Less unamortized discount
(5.1
)
 
(5.5
)
Total long-term debt outstanding
$
3,180.7

 
$
1,679.4


 
Of the total debt outstanding on September 30, 2012, the revolving credit facility due August 25, 2016, the Term Loan due April 18, 2017, and the 6.05% Senior Notes due September 1, 2016, will mature within the next five years.
 
Credit Facility
 
QEP’s revolving credit facility agreement, which matures in August 2016, provides for loan commitments of $1.5 billion from a group of financial institutions. The Credit Facility provides for borrowing at short-term interest rates and contains customary covenants and restrictions. The credit facility agreement also contains an accordion provision that would allow for the amount of the facility to be increased to $2.0 billion and for the maturity to be extended for up to two additional one-year periods, with the agreement of the lenders.

During the nine months ended September 30, 2012, QEP’s weighted-average interest rate on borrowings from its Credit Facility was 2.05%. At September 30, 2012 and December 31, 2011, QEP was in compliance with the covenants under the credit agreement. At September 30, 2012, there was $664.0 million outstanding and QEP had $4.1 million in letters of credit outstanding under the Credit Facility.

Term Loan
 
During the second quarter of 2012, QEP entered into a $300.0 million senior, unsecured term loan agreement (Term Loan) with a group of financial institutions. The Term Loan provides for borrowings at short-term interest rates and contains covenants, restrictions and interest rates that are substantially the same as the Company’s Credit Facility. The Term Loan matures in April 2017, and the maturity date may be extended one year with the agreement of the lenders. The proceeds from the Term Loan were used to pay down the Credit Facility and for general corporate purposes. During the nine months ended September 30, 2012, QEP’s weighted-average interest rate on borrowings from the Term Loan was 2.02%. At September 30, 2012, QEP was in compliance with the covenants under the Term Loan credit agreement.
 
Senior Notes

During the third quarter of 2012, QEP completed a public offering of $650.0 million in aggregate principal amount of 5.25% senior notes due in May 2023 (2023 Senior Notes). The 2023 Senior Notes were issued at face value. Interest on the 2023 Senior Notes will be paid semi-annually, in May and November of each year. The estimated net proceeds of $640.8 million were used to fund a portion of the Acquisition, as described in Note 3 - Acquisition. The estimated costs associated with the offering were $9.2 million and were deferred and are being amortized over the life of the notes. The amortization expense related to all of the Company's deferred finance costs is included in “Interest expense” on the Condensed Consolidated Statement of Operations.
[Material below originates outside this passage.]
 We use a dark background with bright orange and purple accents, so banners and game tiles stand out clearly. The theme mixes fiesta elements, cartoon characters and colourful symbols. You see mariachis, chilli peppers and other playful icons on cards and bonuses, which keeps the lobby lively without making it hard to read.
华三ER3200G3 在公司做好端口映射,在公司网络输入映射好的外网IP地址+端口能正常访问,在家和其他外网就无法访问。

During the second quarter of 2012, QEP repurchased $6.7 million of its senior notes outstanding. QEP recognized a loss on extinguishment of debt from those repurchases and associated write-offs of debt issuance costs, discounts and premiums paid of $0.6 million.

During the first quarter of 2012, QEP completed a public offering of $500.0 million in aggregate principal amount of 5.375% senior notes due in October 2022 (2022 Senior Notes). The 2022 Senior Notes were issued at face value. Interest on the 2022 Senior Notes will be paid semi-annually, in April and October of each year. The net proceeds of $493.1 million were used to repay indebtedness under QEP's Credit Facility. The finance costs associated with the offering were $6.9 million and were deferred and are being amortized over the life of the notes.
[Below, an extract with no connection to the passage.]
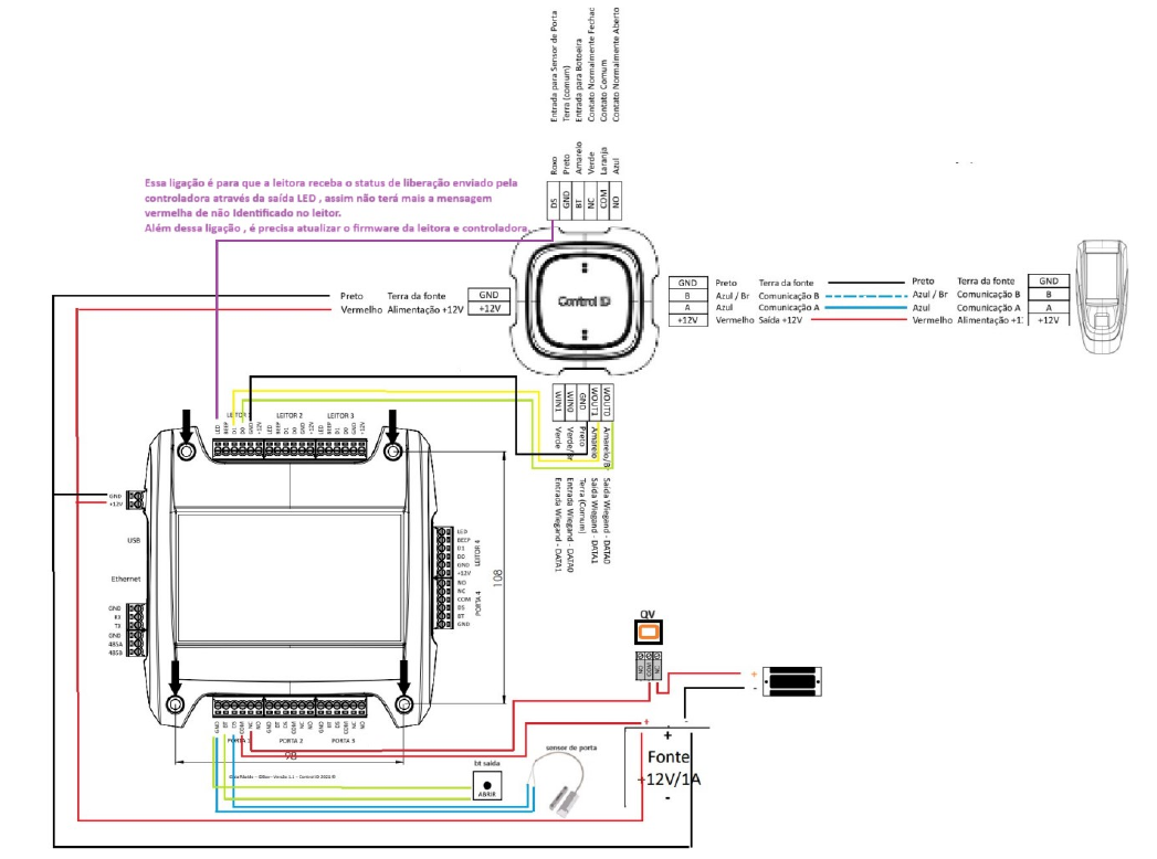 <p>de Essa ligação é para que a leitora receba o status de liberação enviado pela controladora através da saída LED assim não terá mais a mensagem vermelha de não Identificado no leitor. Além dessa ligação é precisa atualizar o firmware da leitora e controladora : GND Preto Terra fonte Preto Terra da fonte GND Preto GND B Azul Br Comunicação E Azul Br Comunicação B B Control D Vermelho Alimentação +12V +12V A Azul Comunicação A Azul Comunicação A A +12V Vermelho Vermelho Alimentação +1 +12V LEITOR Verde Verde G GND LED USB Ethernet 08 GND COM QV GND TX + PORTA: PORTA 3 Fonte</p>

At September 30, 2012, the Company had $2,221.8 million principal amount of senior notes outstanding with maturities ranging from September 2016 to May 2023 and coupons ranging from 5.25% to 6.875%. The senior notes pay interest semi-annually, are unsecured senior obligations and rank equally with all of our other existing and future unsecured and senior obligations. QEP may redeem some or all of its senior notes at any time before their maturity at a redemption price based on a make-whole amount plus accrued and unpaid interest to the date of redemption. The indenture governing QEP’s senior notes contains customary events of default and covenants that may limit QEP’s ability to, among other things, place liens on its property or assets.